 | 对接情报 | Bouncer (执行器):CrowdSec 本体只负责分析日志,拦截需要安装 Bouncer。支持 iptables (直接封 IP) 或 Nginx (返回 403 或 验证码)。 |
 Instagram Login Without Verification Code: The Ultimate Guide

---

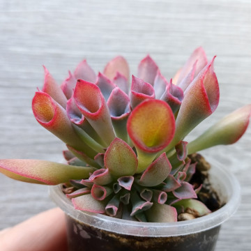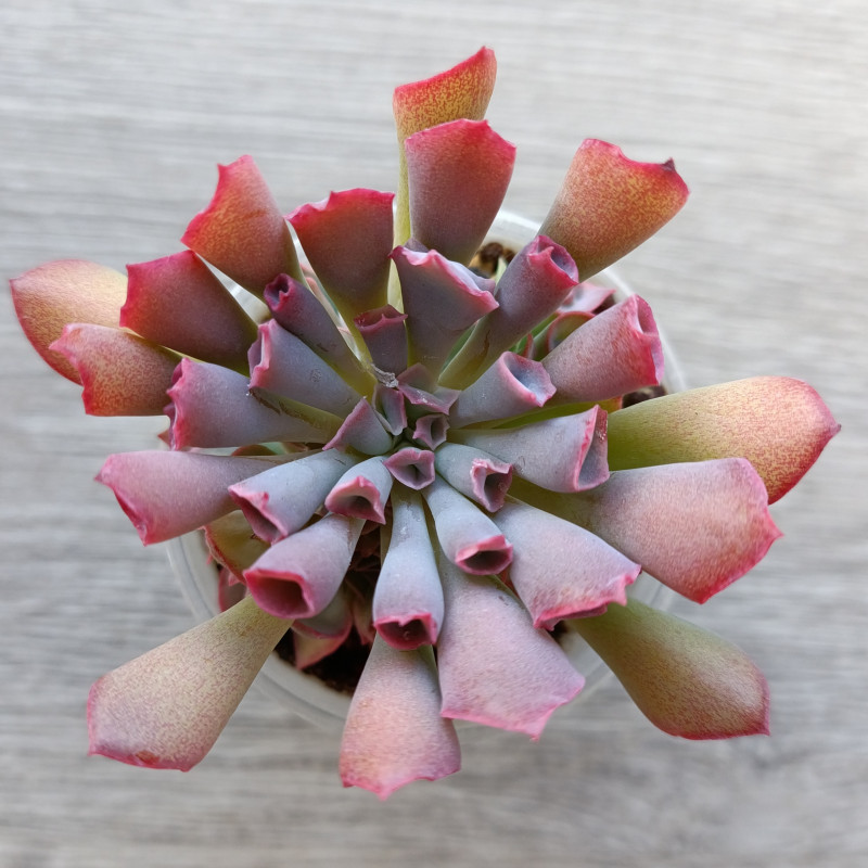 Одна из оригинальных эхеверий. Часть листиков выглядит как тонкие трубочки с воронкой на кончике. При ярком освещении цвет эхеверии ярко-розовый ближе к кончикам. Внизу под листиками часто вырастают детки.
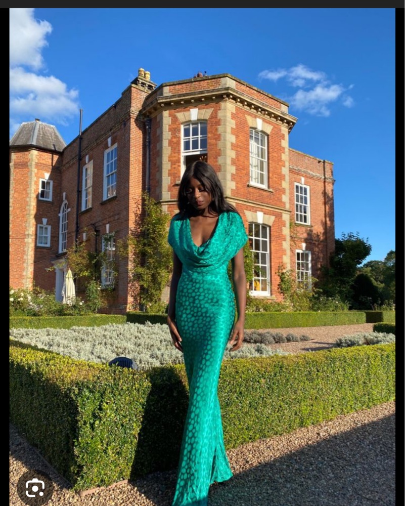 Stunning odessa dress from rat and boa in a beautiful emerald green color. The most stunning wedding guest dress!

**Brief:** Here the output must be the lines above from the line with "403 或 验证码)。 |" to the line with "Instagram Login Without", both included, duplicated word for word and nothing else.

**Written answer:**
 | 对接情报 | Bouncer (执行器):CrowdSec 本体只负责分析日志,拦截需要安装 Bouncer。支持 iptables (直接封 IP) 或 Nginx (返回 403 或 验证码)。 |
 Instagram Login Without Verification Code: The Ultimate Guide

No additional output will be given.